How do you start an online game?

161Wednesday, 12 March 2014 11:34
World and European championships provide ideal space for maneuvring, both in terms of number of sessions and participants. Purely random (still with constraint of team or country) scheme does not seem to reasonable at all -- though to use it as a part of any other scheme looks acceptable. IMHO, best scenario is: equally-matched scheme to days 1-2, then top 20-25% struggle within a group for prizes + side-event for the rest of players.
160Wednesday, 12 March 2014 10:09
But what about the idea to split a tournaments in two at certain point? (One can use "stepping", for instance, cut top-24 after session 4, then top-16 after next session, then top-12 etc.).
In ma-any other sports it is quite acceptable that "toppers" play THEIR event fighting for the prizes while all others may play in "side-event" which still may gather a bunch of players (and may be processed separately, with lower MERS coefficient).
And, surely, such schemes are pointless for 1-day events.
159Wednesday, 12 March 2014 09:57
Second day may require more time between session to organise proper sitting. Please, be careful here, "more" in this case means that 15 min is no good though 20-30 minutes is quite acceptable. Current software provides "no-problems" seating (say, in 5 min) for 6 sessions starting from 32 players, 8 sessions -- starting from 60 players. More players-sized 2-day events are welcome (they are easier to be calculated)!

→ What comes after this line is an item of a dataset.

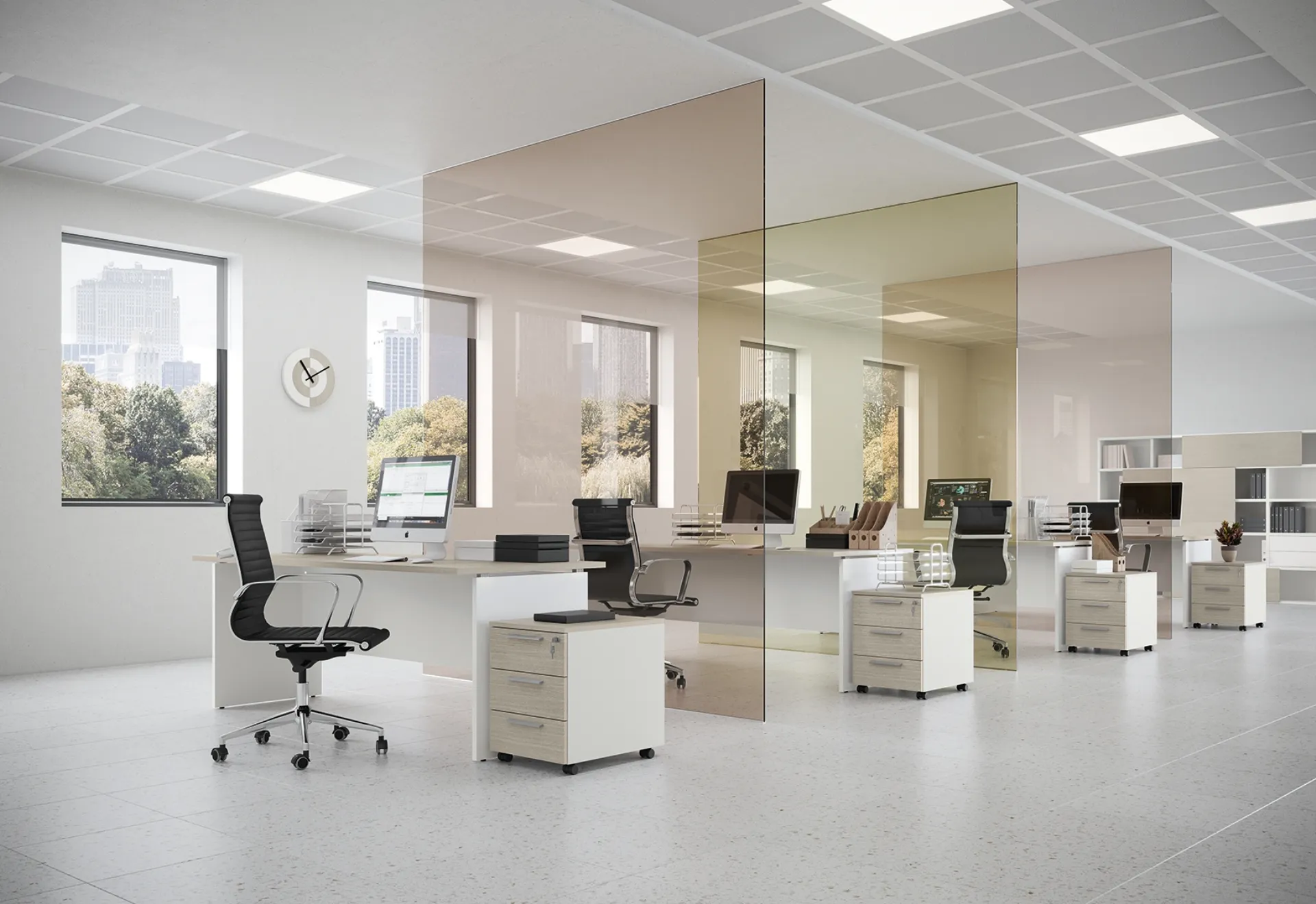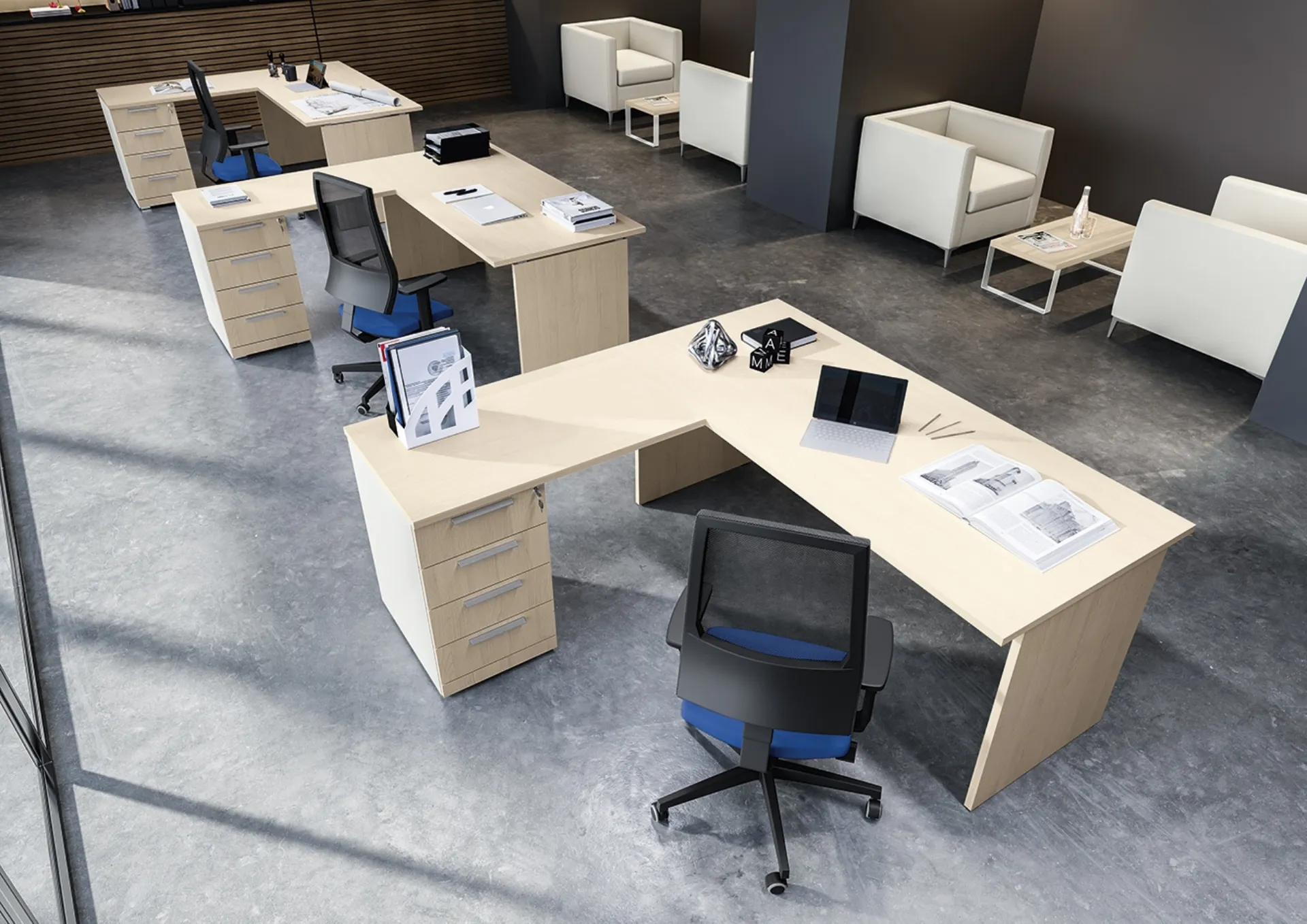 Vuoi ammobiliare l'ambiente lavorativo? Eccoti differenti proposte di scrivanie operative in melaminico, come il modello Teko Panel di Colombini Office.

158Wednesday, 12 March 2014 09:52
Now, let's move to "longer tournaments" as stated.
2-days event may use 6-10 sessions, depending on rules, transportation factor (somebody needs to catch a train?), cultural program etc. Sophisticated software (like RiTour.exe) may produce seating for the first 4 session right "on spot", so the first day is "clean" for organisers. Of cause, provided there is no protocol errors.

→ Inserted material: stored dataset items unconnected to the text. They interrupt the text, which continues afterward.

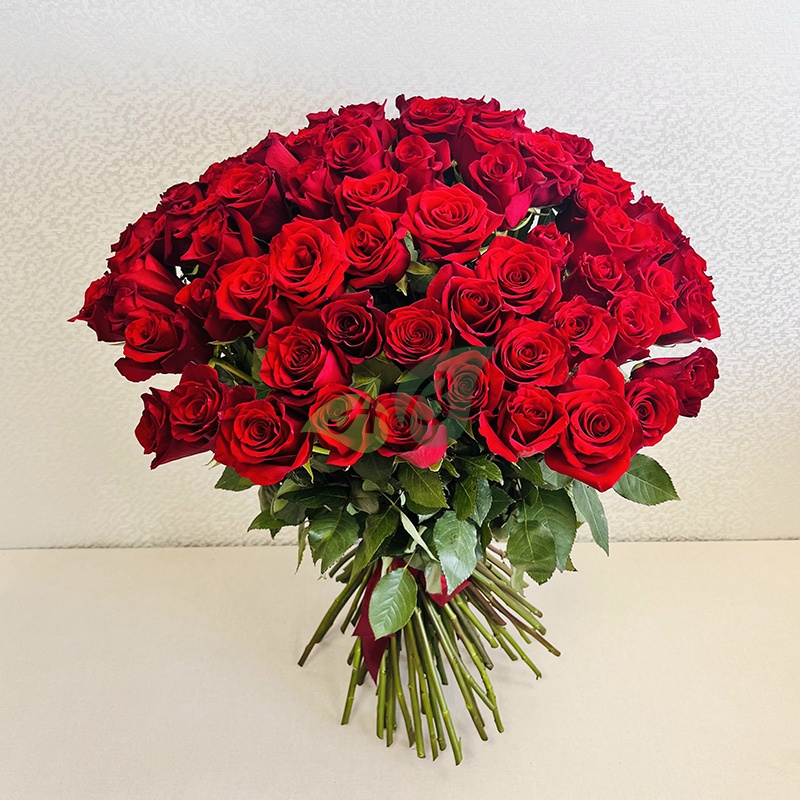 • Роза - 101 штука, цвет - красный, длина стебля - 70 см;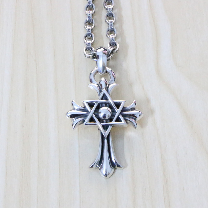 925純銀クロス六芒星ペンダント男個性太いチェーンアクセサリー日韓ファッションネックレス女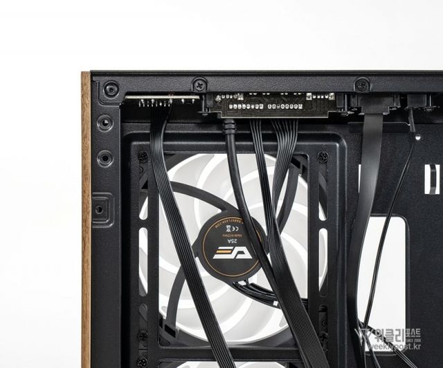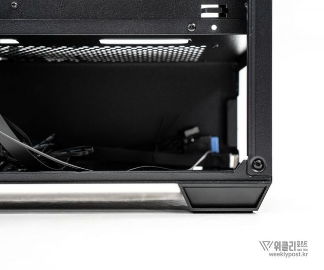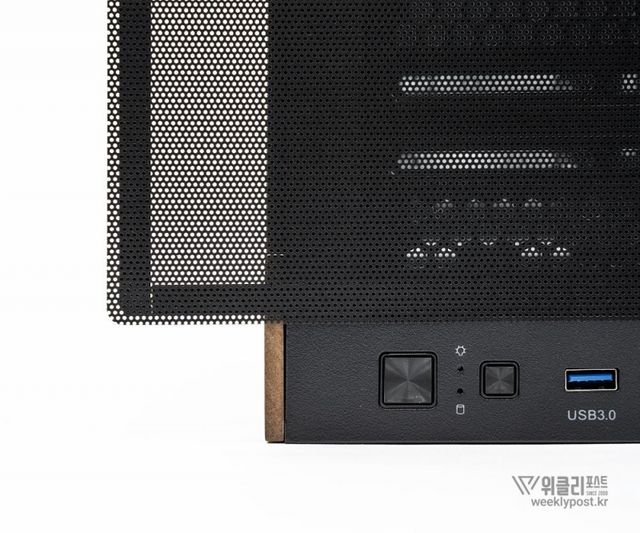 그래서 타협할 수 있는 것이 어떤 기능이 부여되지 않는, 그러나 완성 후엔 목재 특유의 질감과 고급스러움을 드러낼 수 있는 프론트 패널 우측의 공간이 아니었을까 생각된다. 해당 위치는 섀시로서의 기능이 요구되지도 않으며, PC에서 발생하는 열의 영향을 가장 적게 받는 위치이기도 하기 때문.

Nice idea, but I think it's a bit premature

I think this is a really good idea, and I love the concept of a proper European Championships with national teams (and it opens up the concept of some sort of mahjong World Cup, which would be amazing). I think the main issue wouldn't be for the tournament itself, but for participants and wannabe participants, specifically with deciding who will feature the national teams. For countries which do not have enough players, I presume things would be fairly straightforward, and whoever wants to compete will be able to. However, for oversubscribed countries, how will they decide the teams? The UK at least doesn't really have anything resembling a domestic league, or regular tournaments, so how would the top five UK players be judged? Most of the players are spread out, and can't play each other regularly to really judge skill, so how would you judge who should represent the team for Great Britain with so little data? It could go on the UK Open results, but that's just a single tournament and wouldn't be a fair reflection of skill. It could go on EMA rankings, but there are mostly likely skilled players in the UK who don't have the money and/or free time to travel to all the EMA ranked matches on the continent, but who would most likely make the effort for the European Championships. I think it's a really good idea, and it could be a really good team tournament, but I think it's a bit too early in the development of the game to start breaking teams up by nationality. I know for example that the Cambridge University society could probably send a fairly strong team of five players, and that's just one group of players within the UK. When you've got such an uneven distribution of players across countries, it doesn't make sense to go for national teams just yet.
This is a comment on "Austria wants next European Riichi Championship, ‘for Europeans only’"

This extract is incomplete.